Nama masjid itu sendiri diambilkan dari nama Mbah Kyai Thohir, salah seorang Kyai terkenal di Malang sekaligus pengasuk pondok Bungkuk. Semula masjid ini hanya dikenal dengan sebutan Masjid Bungkuk, karena bangunan masjid ini berada di jalan Bungkuk, Singosari, Malang. Konon, sebutan Bungkuk berasal dari masyarakat sekitar yang mengetahui banyak orang yang sedang membungkuk pada saat melakukan gerakan salat.
Cikal bakal keberadaan masjid ini tidak lepas dari sosok seorang kyai yang bernama Kyai Hamimuddin. Beliau adalah salah seorang mantan laskar Pangeran Diponegoro yang lari dari kejaran tentara Belanda sekitar tahun 1830. Di area inilah beliau lalu mendirikan tempat tinggal, pesantren dan mushalla sekitar tahun 1850.
Sebagaimana yang telah diketahui hampir semua bangsa Indonesia, bahwa Singosari adalah sebuah kerajaan Hindu. Oleh karena itu, di area yang tidak jauh dari bekas daerah pusat kerajaan ini masih sangat kuat pengaruh ajaran Hindu dan bahkan Budha. Jadi jelaslah bahwa kehadiran Kyai Hamimuddin merupakan langkah awal penyebaran agama Islam di Malang, khusunya Malang Utara.
Pada saat itu, Kyai Hamimuddin berusaha menyebarkan agama Islam dengan mendirikan perantren. Dengan tujuan untuk mempercepat syiar Islam di Singosari, Kyai Hamim menikahkan salah seorang putrinya dengan Kyai Thohir dari Bangil yang masih termasuk keturunan Sunan Ampel. Benar saja setelah itu, pondok Bungkuk menjadi maju pesat, karena setelah Kyai Hamim berpulang Mbah Kyai Thohir waliyullah yang menggantikannya.
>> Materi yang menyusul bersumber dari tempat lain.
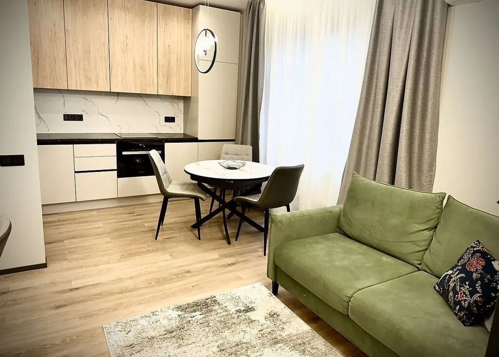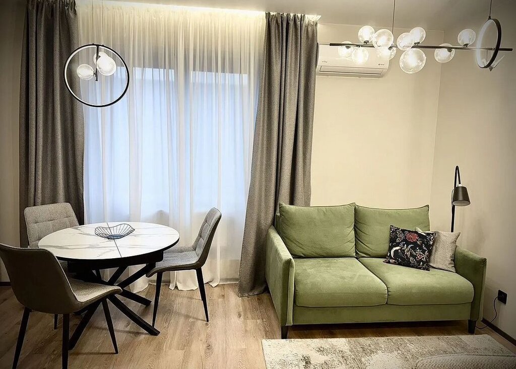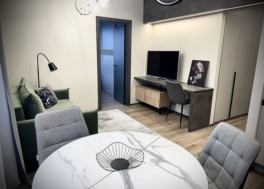 Квартира с красивым видом из окна, абсолютно новая, в ней все продумано для комфортного проживания. Планировка функциональная, выделены зоны: кухни, гостиной и прихожей. Спальня изолированная.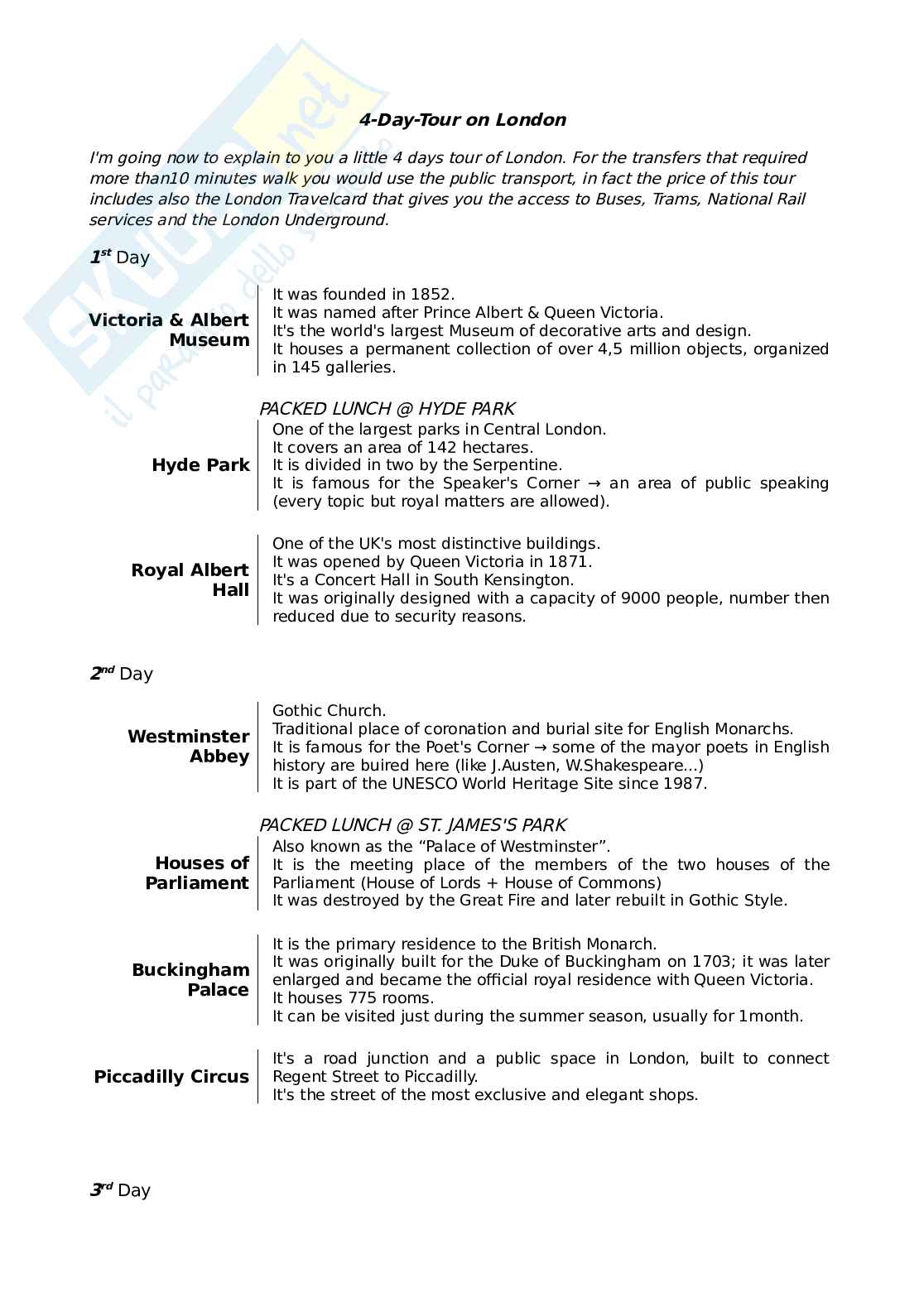 I'm going now to explain to you a little four days tour of London. For the transfers that required more than 10 minutes walk You would use the public transport, in fact the price of this tour includes also the London Travel card that gives You the access to Buses, Trams, National Rail services and the London Underground.

Saat memimpin pesantren itulah, Kyai Thohir mulai membangun masjid yang dulunya hanya sebuah musalla kecil. Seiring dengan perkembangan pesantren, pada tahun 1950-an masjid ini dipugar untuk kedua kalinya. Hingga kini, Masjid At-Thohiriah sudah mengalami tiga kali pemugaran, yaitu sebelum tahun 1950-an, sekitar tahun 1950-an, dan yang terakhir pada tahun 2008.
Meskipun sudah dipugar sampai tiga kali, namun ada bagian masjid yang tetap dirawat hingga sekarang. Yaitu berupa empat tiang utama masjid berbentuk kubus dengan ukuran 2x2 meter, yang terbuat dari kayu jati dengan ukiran kaligrafi yang sangat indah.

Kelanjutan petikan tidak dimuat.